• [SUPPLIED MATERIAL]:

▶

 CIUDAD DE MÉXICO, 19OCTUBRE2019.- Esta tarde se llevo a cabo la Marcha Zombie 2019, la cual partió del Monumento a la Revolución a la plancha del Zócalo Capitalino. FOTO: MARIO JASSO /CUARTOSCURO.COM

◀
▶

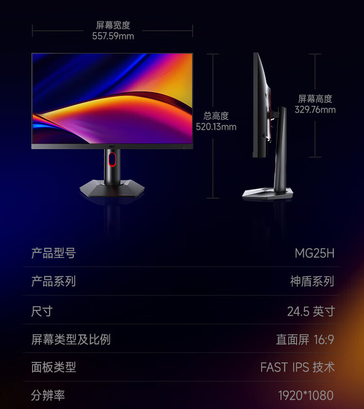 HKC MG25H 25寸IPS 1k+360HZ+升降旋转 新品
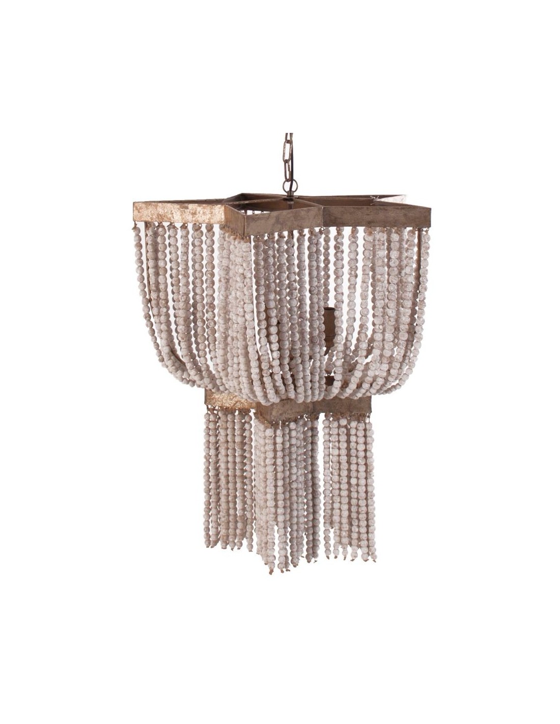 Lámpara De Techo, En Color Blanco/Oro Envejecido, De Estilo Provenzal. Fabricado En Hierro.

◀

Among the lines above, the one with "HKC MG25H 25寸IPS 1k+360HZ+升降旋转 新品" opens the part to repeat and the one with "Lámpara De Techo, En" closes it; repeat only that part exactly, with no pictures.

 HKC MG25H 25寸IPS 1k+360HZ+升降旋转 新品
 Lámpara De Techo, En Color Blanco/Oro Envejecido, De Estilo Provenzal. Fabricado En Hierro.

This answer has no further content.